Appellant alleged, as he had in his fourth PCRA petition, that he had never
received a copy of the bench warrant underlying his arrest. Appellant
additionally argued that officers conducted an illegal search of his person at
the police station before issuance of the search warrants. See PCRA Petition,
10/21/22, at 3-4; see also id. at 3 (stating the search included taking “nude
photographs of my naked body” without a search warrant or probable cause)).

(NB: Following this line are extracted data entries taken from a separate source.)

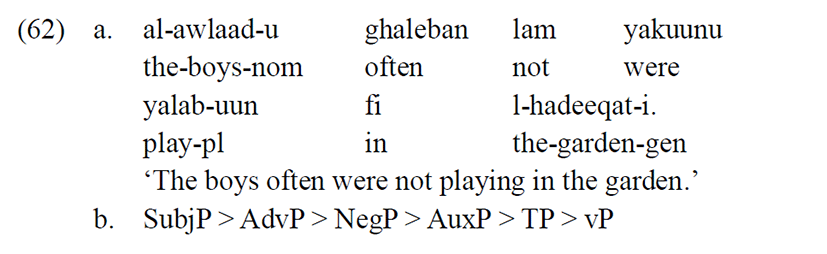 Consequently, we can assume that there exist two different positions for the preverbal subject in Standard Arabic. The first position is a specifier position below the adverbial phrase, and the second is a specifier position above the adverbial phrase.
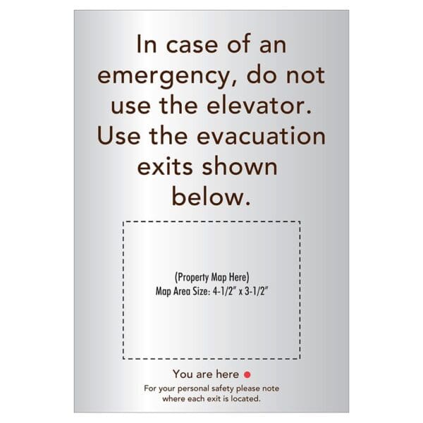 Keep guests safe during an emergency with elevator evacuation signs. Signs use flat copy and comes with foam tape for easy mounting. For interior use only.
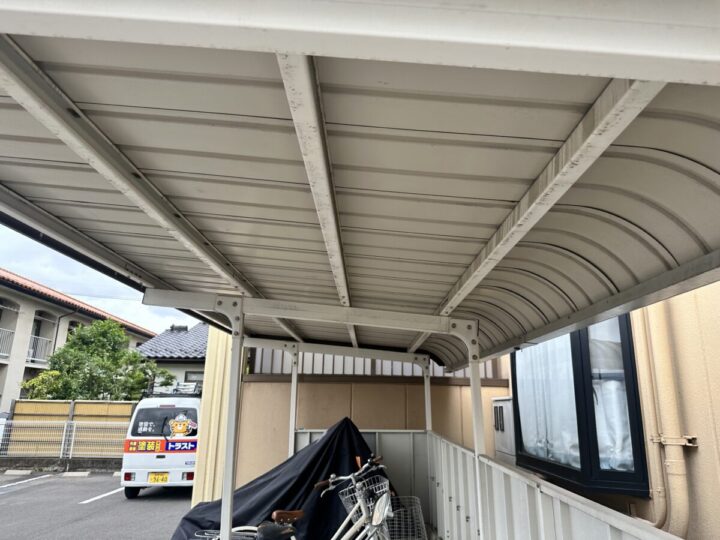 駐輪場屋根はアレスダイナミックルーフを使用しています。
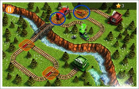 1. 起始阶段,直接点击两个蓝色圆圈所在位置,使两辆火车分别驶入空闲区域,等待合适时机。
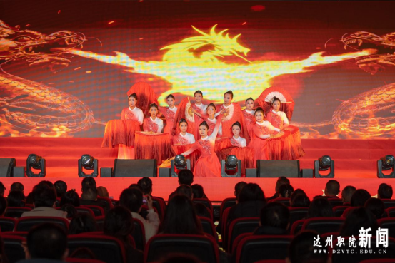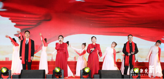 第二篇章“建功·奋楫扬帆启新程”中,《孤勇者》唱出了教育工作者在平凡岗位上的坚守与不凡,深沉而有力的和声直击人心。三句半《奋进达职向未来》,以诙谐幽默的语言、铿锵有力的节奏,道出了学校赖以发展的特色底蕴以及对未来发展的坚定信心。集体舞串烧《欢乐炫舞》如彩虹流转,焕发校园蓬勃生机。
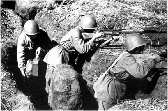 Пехота 78-й гв. стрелковой дивизии отражает атаку противника.
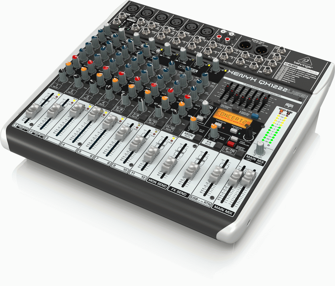 The compact XENYX QX1222USB mixer allows you to effortlessly achieve premium-quality sound. Channels 1 - 4 feature our XENYX Mic Preamps, renowned for their pristine performance, plus 2 of the 4 stereo channels accept XLR inputs, as well as Line-Level sources. All mono channels get our ultra-musical “British” 3-band EQs and easy-to-use “one-knob” compressors for the ultimate in punch and clarity. Add to this our KLARK TEKNIK FX processor with 32 studio-grade presets with dual addressable parameters, Tap function and storable user parameter settings – and the QX1222USB becomes an incredibly versatile mixer for your live performances. But the XENYX QX1222USB isn’t just designed to handle your live gigs; they also provide the state-of-the-art tools you need to make stunning, professional-quality recordings. Along with their built-in USB/audio interfaces, the XENYX QX1222USB comes with all the recording and editing software needed to turn your computer system into a complete, high-performance home recording studio. • Premium ultra-low noise, high headroom mixer • 4 state-of-the-art, phantom-powered XENYX Mic Preamps comparable to stand-alone boutique preamps • 4 studio-grade compressors with super-easy "one-knob" functionality and control LED for professional vocal and instrumental sound • Ultra-high quality KLARK TEKNIK FX processor with LCD display, dual-parameters, Tap function and storable user parameter settings • "Wireless-ready" for high-quality BEHRINGER digital wireless system (not included) • Built-in stereo USB/Audio Interface to connect directly to your computer. Free audio recording, editing and podcasting software plus 150 instrument/effect plug-ins downloadable at behringer.com • Neo-classic "British" 3-band EQs for warm and musical sound • 7-band stereo graphic EQ allows precise frequency correction of monitor or main mixes • Revolutionary FBQ Feedback Detection System instantly reveals critical frequencies • Breathtaking XPQ 3D stereo surround effect for more vitality and enhanced stereo image • Voice Canceller function for easy-to-use sing-along applications • 4 fully equipped stereo input channels featuring 2 additional mic inputs on channels 5/6 and 7/8, 3-band EQ and input trim control • Channel inserts on each mono channel for flexible connection of outboard equipment • 2 aux sends per channel: 1 pre fader for monitoring, 1 post fader (for internal FX and/or as external send); 2 multi-functional stereo aux returns • Balanced main mix outputs with gold-plated XLR connectors, headphone/control room output and stereo rec outputs • Long-wearing 60-mm logarithmic-taper faders and sealed rotary controls • "Planet Earth" switching power supply for maximum flexibility (100 - 240 V~), noise-free audio, superior transient response plus low power consumption for energy saving • Designed and engineered in Germany
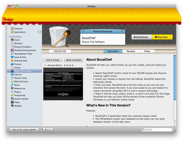 Unlike the Mac App Store, Bodega has a wish list for keeping track of paid apps you want to buy later. There are screenshots for apps, developer info, customer reviews, and other Apple-like aspects of Bodega that make the shopping experience familiar. You can download Bodega for free from Freshcode’s website.
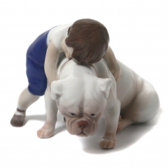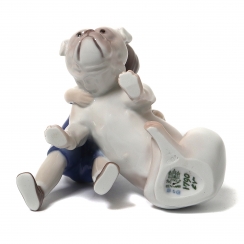 Фигура производилась также после объединения фабрик Royal Copenhagen и Bing & Grondahl (1985-1989) под брендом Royal Copenhagen, номер модели: 427. ============================== Porcelain figurine "Two Friends" (Child with dog). Hand-painted underglaze.
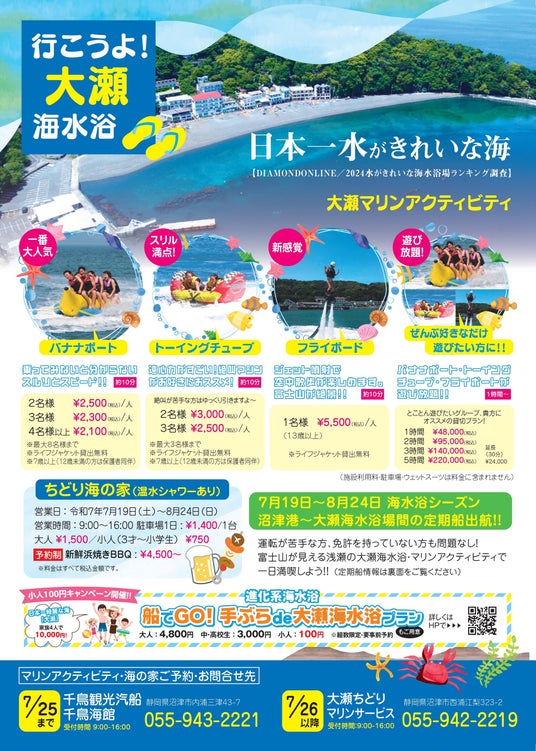 進化系海水浴「船でGo 手ぶらde大瀬海水浴プラン」のご予約も承っています。
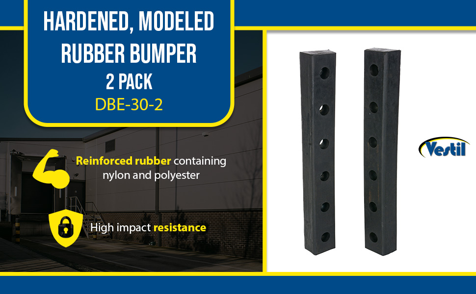 These pre-drilled bumpers are constructed of fiber reinforced rubber containing nylon and polyester for all weather conditions. Provides high impact resistance. Steel reinforcement rings are molded into each bumper for installation. Uses 5/8" anchor bolts. Sold individually. Order installation hardware separately.
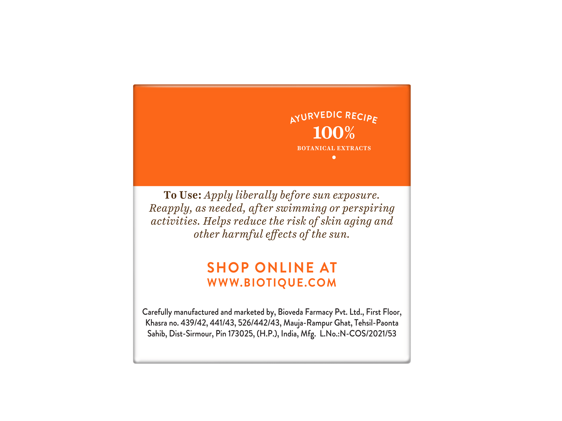 Biotique アーユルヴェーダ サンシールド アロエベラ 30+Spf 日焼け止めクリーム 50g
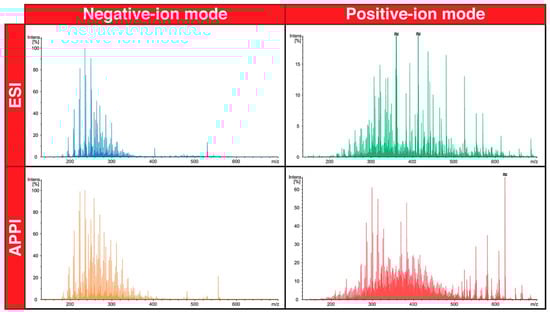 - Raffaelli, A.; Saba, A. Atmospheric pressure photoionization mass spectrometry. Mass Spectrom. Rev. 2003, 22, 318–331. [Google Scholar] [CrossRef]
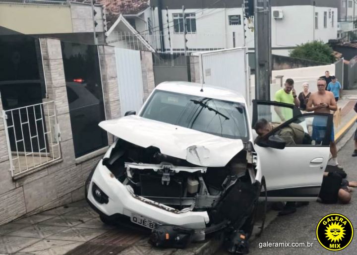 Carro foi parar quando bateu num poste. Foto: PMSC / divulgação
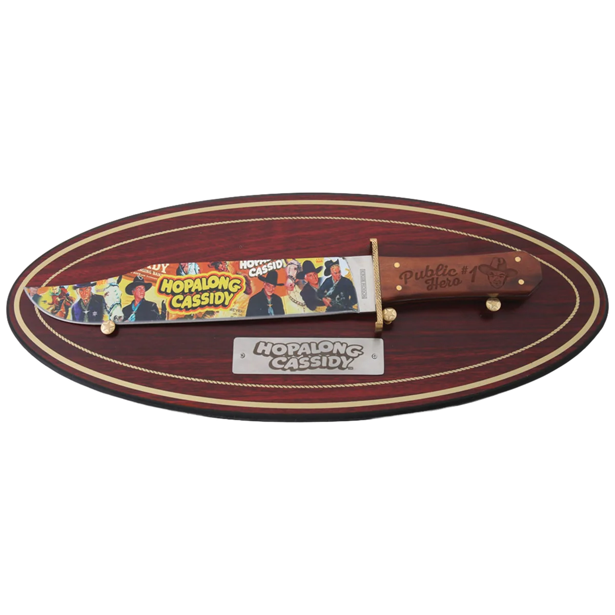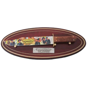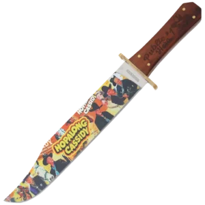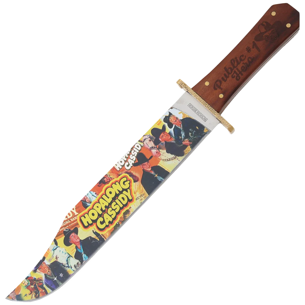The Rough Ryder Hopalong Cassidy Public Hero #1 Bowie features a 11.5" 440A stainless steel clip point blade with a full-color art inlay blade finish. This full tang fixed blade has a hardwood handle with front embellishment, multiple brass rivets, decorative guard, display plaque, and hanging hardware included. It's 16.62" overall and weighs 7.2oz. Includes a black nylon belt sheath.
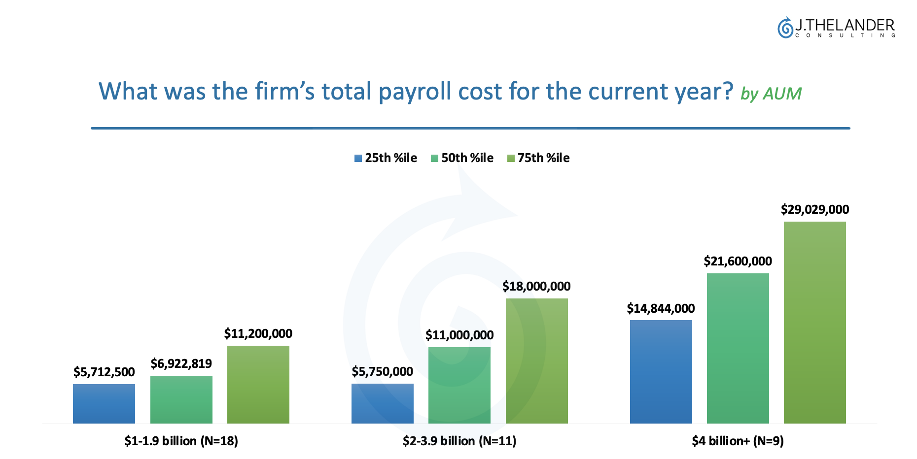 For firms with AUM between $1 and $2 billion, median payroll costs range from $5.7 million to $11.2 million. For firms with $2 billion to $3.9 billion, median payroll costs range from $5.75 million to $18 million. In general, the larger the firm, the higher the payroll cost.
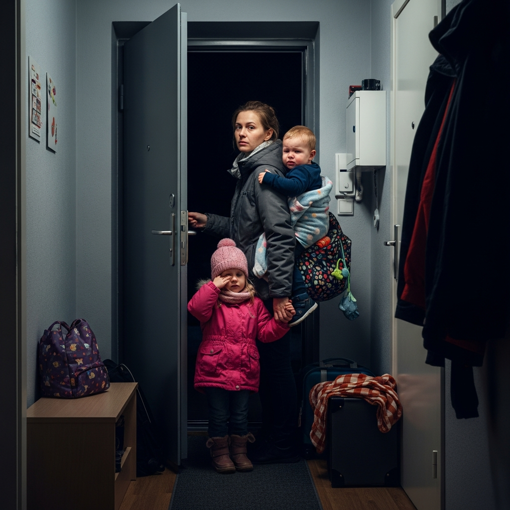 Она не слушала. Одела Лизу — куртку, шапку, сапожки. Потом взяла Сашу на руки. Он заплакал, но она прижала его к себе, укачивая.

Appellant also asserted his first PCRA counsel was ineffective for failing to
obtain a copy of the bench warrant.3
The PCRA court appointed Counsel to represent Appellant and directed
Counsel to file an amended PCRA petition. The Commonwealth filed a motion
to dismiss Appellant’s fifth PCRA petition as untimely filed. In lieu of filing an
amended PCRA petition, Counsel filed a motion for leave to withdraw from
representation and a Turner/Finley “no-merit” letter. On May 2, 2023, the
PCRA court issued Pa.R.Crim.P. 907 notice of its intent to dismiss Appellant’s
PCRA petition without a hearing. The PCRA court also directed Counsel to
3 Appellant purported to challenge first PCRA counsel’s ineffectiveness under
the Pennsylvania Supreme Court’s decision in Commonwealth v. Bradley, 261 A.3d 381, 401 (Pa. 2021) (holding “a PCRA petitioner may, after a PCRA court denies relief and after obtaining new counsel or acting pro se, raise claims of PCRA counsel’s ineffectiveness at the first opportunity to do so, even if on appeal.” (footnote omitted)).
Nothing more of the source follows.